There are two ways of working with matador, either from the command-line interface (CLI) or through the Python library directly, with some features that are unique to each. The functionality of matador can be broadly split into three categories:

  1. Creation and curation of databases of the results of first-principles calculations.

matador allows for the creation of MongoDB databases of CASTEP (6.0+) geometry optimisations from the command-line, using matador import. Only calculations that are deemed "successful", and that have fully-specified inputs are stored, with errors displayed for the rest. The resulting database can be queried with matador query, either with Python or through the powerful CLI. The results can be filtered for structural "uniqueness" and written to one of several supported file types and exported for use in other frameworks, such as ASE or pymatgen. Prototyping of structures directly from the database is achieved using matador swaps, which uses the same interface as matador query to return structure files with "swapped" elements [@NaP].

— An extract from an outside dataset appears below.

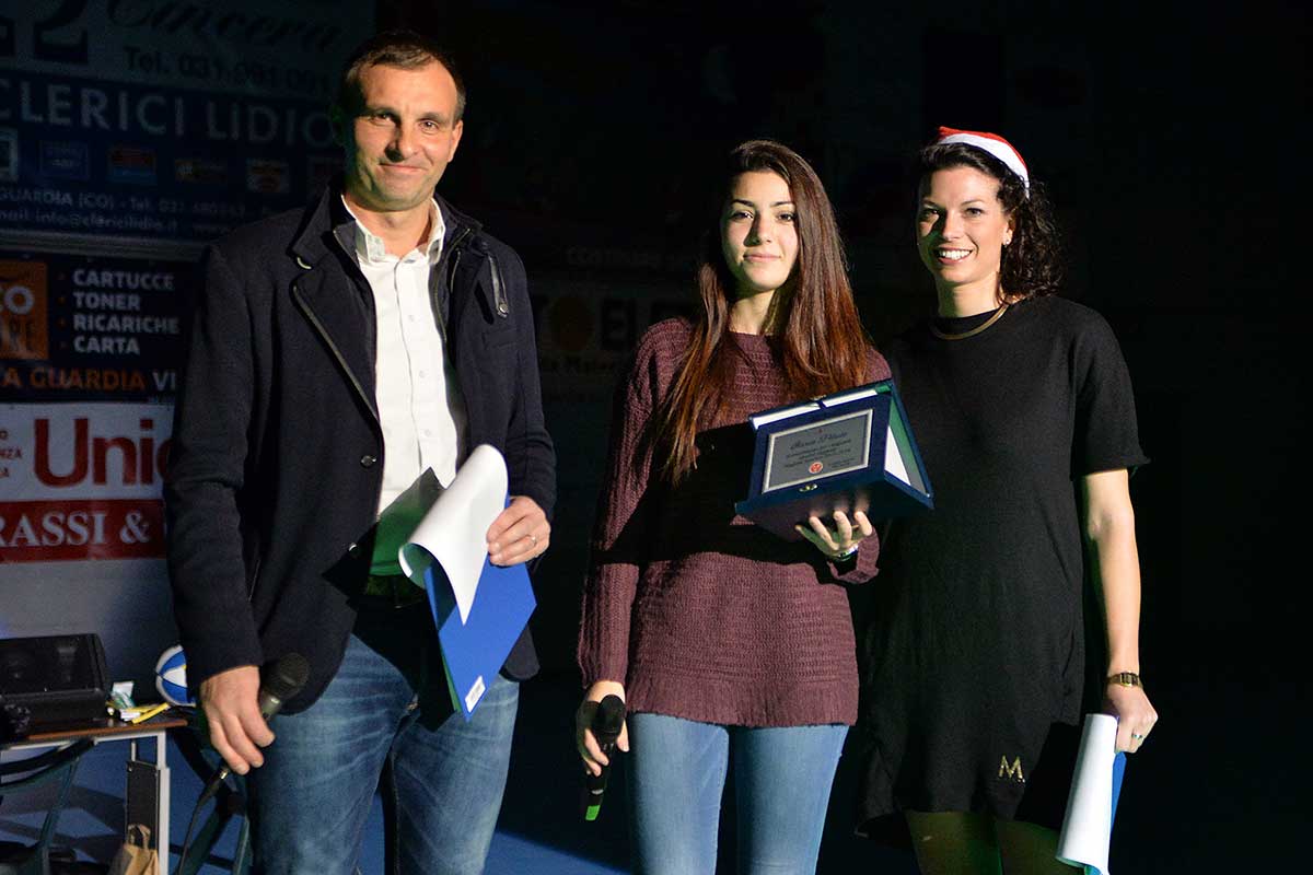 La seconda menzione è stata poi assegnata alla squadra seniores maschile di volley, ad aprile protagonista di una storica promozione in serie D. Introdotti da un video ricordo di quegli indimenticabili attimi, i ragazzi della pallavolo, attraverso le parole di capitan Francesco Zoani, del nuovo coach Andrea Azzolini e dello storico atleta-istruttore Luca Clerici, hanno ripercorso la grande cavalcata e ringraziato soprattutto le numerose giovani atlete del mini volley, sempre presenti al palazzetto in occasione delle gare di campionato e protagoniste di un vero e proprio tifo da stadio.

  1. High-throughput calculations and automated workflows.

The run3 executable bundled with matador allows for high-throughput calculations to be performed with little setup and no programming knowledge. Specialised support for CASTEP and the post-processing tool OptaDOS [@optados; @optados2] is provided to perform high-throughput geometry optimisations, orbital-projected band structures and densities of states, phonon calculations and elastic properties, however run3 can also be used to run generic MPI programs concurrently on a set of structures. Sensible defaults for these workflows are provided by leveraging the open-source SeeK-path [@seekpath] and spglib [@spglib] libraries. The bundled dispersion script and associated library functionality allows for the creation of publication-quality spectral and vibrational property plots, in a similar fashion to the sumo package [@sumo]. The matador.compute module behind run3 also powers the ilustrado genetic algorithm code [@ilustrado].

  1. Stability and structural analysis (with an emphasis on battery materials).

The construction of reliable compositional phase diagrams requires several independent calculations to be performed on different atomic configurations with a compatible set of external parameters. These can be generated from a database query using matador hull, which allows the user to filter between different sets of calculations, and, where relevant, matador voltage can provide the electrochemical properties of that same phase diagram. Structural fingerprints implemented include pair distribution functions, powder X-ray diffraction patterns, and periodic crystal bond graphs. As more calculations are performed, changes to phase diagrams stored in the local database can be tracked with matador hulldiff. Phase diagrams can also be constructed from multiple energy values per structure, for example to show the effects of finite temperature [@CuP], or in the specific case of ensemble-based exchange-correlation functionals like the Bayesian Error Estimate Functional (BEEF) [@beef]. An example of a ternary phase diagram is shown \autoref{fig:hull}.

Acknowledgements

We acknowledge all the contributors, users and testers of this package, primarily Angela Harper, James Darby, Jordan Dorrell and Matthew Cliffe. M.E. would like to acknowledge the EPSRC Centre for Doctoral Training in Computational Methods for Materials Science for funding under grant number EP/L015552/1. A.J.M. acknowledges funding from EPSRC (EP/P003532/1). The authors acknowledge networking support via the EPSRC Collaborative Computational Projects, CCP9 (EP/M022595/1) and CCP-NC (EP/T026642/1). Much of the development and testing was performed on the Cambridge Service for Data Driven Discovery (CSD3) operated by the University of Cambridge Research Computing Service (http://www.csd3.cam.ac.uk/), provided by Dell EMC and Intel using Tier-2 funding from the Engineering and Physical Sciences Research Council, and DiRAC funding from the Science and Technology Facilities Council (www.dirac.ac.uk).